От жеж Ленка потом его матом крыла, успокоиться не могла. Такое набрехать! Живых людей своим поганым языком в землю закопать!

Потом, конечно, выгнала его. А мне предупрежденье делала: «Не связывайся с этим Важей! Все они одинаковые!».

А я ее и слушать не хотела. Шо Ленка в моих делах смыслит? У нас же любовь! Мы уже и так два года живем — все нормально.

И я сама дала Важе свою родительскую трехкомнатную квартиру с пристройкой и мебелью продать и сюда с моей дочкой поехала. Он мне еще наобещал с три короба. Мы, мол, в Грузию только перекантоваться и его родителей-стариков повидать, а потом в какую-нибудь другую страну на постоянку.

Так он мне, по крайней мере, пел, соловьем заливался.

Приехали мы в итоге в его мегрельскую деревню. И шо ж я бачу? Сарай какой-то. Крыша, рамы — выкрасить и выбросить. У меня, значит, обратный шок.
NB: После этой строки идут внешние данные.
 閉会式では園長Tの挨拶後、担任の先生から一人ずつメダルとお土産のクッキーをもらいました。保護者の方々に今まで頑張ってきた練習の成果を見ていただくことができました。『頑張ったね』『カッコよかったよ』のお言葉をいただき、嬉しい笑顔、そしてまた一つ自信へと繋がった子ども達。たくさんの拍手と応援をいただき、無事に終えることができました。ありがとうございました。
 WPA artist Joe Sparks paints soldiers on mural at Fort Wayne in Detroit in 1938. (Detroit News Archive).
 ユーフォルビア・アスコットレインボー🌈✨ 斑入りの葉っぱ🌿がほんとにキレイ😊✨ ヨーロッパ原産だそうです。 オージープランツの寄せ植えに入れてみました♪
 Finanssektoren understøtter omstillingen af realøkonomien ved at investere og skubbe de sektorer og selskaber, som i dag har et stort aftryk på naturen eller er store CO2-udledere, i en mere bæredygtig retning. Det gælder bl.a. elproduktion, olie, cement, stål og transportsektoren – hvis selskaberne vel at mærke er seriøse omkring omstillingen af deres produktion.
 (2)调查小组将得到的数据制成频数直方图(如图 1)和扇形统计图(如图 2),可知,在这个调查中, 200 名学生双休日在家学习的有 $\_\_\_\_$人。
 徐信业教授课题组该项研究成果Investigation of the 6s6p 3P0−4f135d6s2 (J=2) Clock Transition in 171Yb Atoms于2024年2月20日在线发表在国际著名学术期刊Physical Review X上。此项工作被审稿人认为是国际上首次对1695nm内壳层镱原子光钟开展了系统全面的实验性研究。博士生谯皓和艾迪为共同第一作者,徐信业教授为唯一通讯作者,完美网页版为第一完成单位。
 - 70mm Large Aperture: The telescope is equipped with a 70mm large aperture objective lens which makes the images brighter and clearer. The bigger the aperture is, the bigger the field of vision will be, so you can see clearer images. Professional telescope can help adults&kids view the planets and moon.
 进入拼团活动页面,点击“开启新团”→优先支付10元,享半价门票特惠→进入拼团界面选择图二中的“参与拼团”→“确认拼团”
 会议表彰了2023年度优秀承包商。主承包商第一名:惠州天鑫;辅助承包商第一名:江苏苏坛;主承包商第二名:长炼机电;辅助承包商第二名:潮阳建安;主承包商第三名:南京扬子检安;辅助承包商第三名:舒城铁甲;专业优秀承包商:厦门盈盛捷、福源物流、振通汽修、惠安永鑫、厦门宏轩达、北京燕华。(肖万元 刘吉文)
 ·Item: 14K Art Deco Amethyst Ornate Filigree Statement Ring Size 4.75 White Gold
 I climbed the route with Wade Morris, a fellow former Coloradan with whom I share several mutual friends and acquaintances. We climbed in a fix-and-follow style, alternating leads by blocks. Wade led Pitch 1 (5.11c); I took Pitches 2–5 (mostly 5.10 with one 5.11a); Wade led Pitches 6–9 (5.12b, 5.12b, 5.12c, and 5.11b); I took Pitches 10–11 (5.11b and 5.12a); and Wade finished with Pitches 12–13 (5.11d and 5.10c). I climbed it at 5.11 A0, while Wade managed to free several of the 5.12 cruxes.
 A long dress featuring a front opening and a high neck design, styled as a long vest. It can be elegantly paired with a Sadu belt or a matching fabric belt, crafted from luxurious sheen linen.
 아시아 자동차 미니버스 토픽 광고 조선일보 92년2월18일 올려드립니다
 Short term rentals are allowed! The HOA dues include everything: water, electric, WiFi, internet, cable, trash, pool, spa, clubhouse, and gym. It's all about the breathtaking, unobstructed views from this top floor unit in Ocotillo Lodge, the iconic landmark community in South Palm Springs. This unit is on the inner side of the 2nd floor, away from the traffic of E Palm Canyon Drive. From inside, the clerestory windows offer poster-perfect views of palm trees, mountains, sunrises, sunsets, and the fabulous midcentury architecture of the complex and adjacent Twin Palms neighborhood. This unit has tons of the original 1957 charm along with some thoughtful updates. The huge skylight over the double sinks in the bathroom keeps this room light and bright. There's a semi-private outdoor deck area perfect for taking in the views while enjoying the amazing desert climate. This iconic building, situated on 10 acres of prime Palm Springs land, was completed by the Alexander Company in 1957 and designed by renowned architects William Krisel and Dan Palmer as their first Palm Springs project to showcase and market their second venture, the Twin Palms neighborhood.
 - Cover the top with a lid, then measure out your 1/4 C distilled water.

Ты пальцы-то загибай, считай, какой по счету удар для меня.

«Обнялись мы с дочкой наедине, сидим плачем. Куда мы попали?..»

Зашли в дом. Там картина маслом. 50-ые годы советской власти. А мужики эти сопровождающие за нами валят. Стол большой, смотрю, уже накрыт. Женщины на подхвате суетятся и ни одна за него не садится. Идите, говорят, к столу отметить приезд. А я уставшая, ног под собой не чую. Чуть не послала их в сердцах. Идите, мол, лесом, какие гулянки. И спать пошла. Обнялись мы с дочкой наедине, сидим плачем. Куда мы попали?..

На другой день свекровь мне претензию высказывает. Щеки надула, как хомяк, и бубнит:

— Ай-яй, Оксана, рази так можна? Что люди скажут.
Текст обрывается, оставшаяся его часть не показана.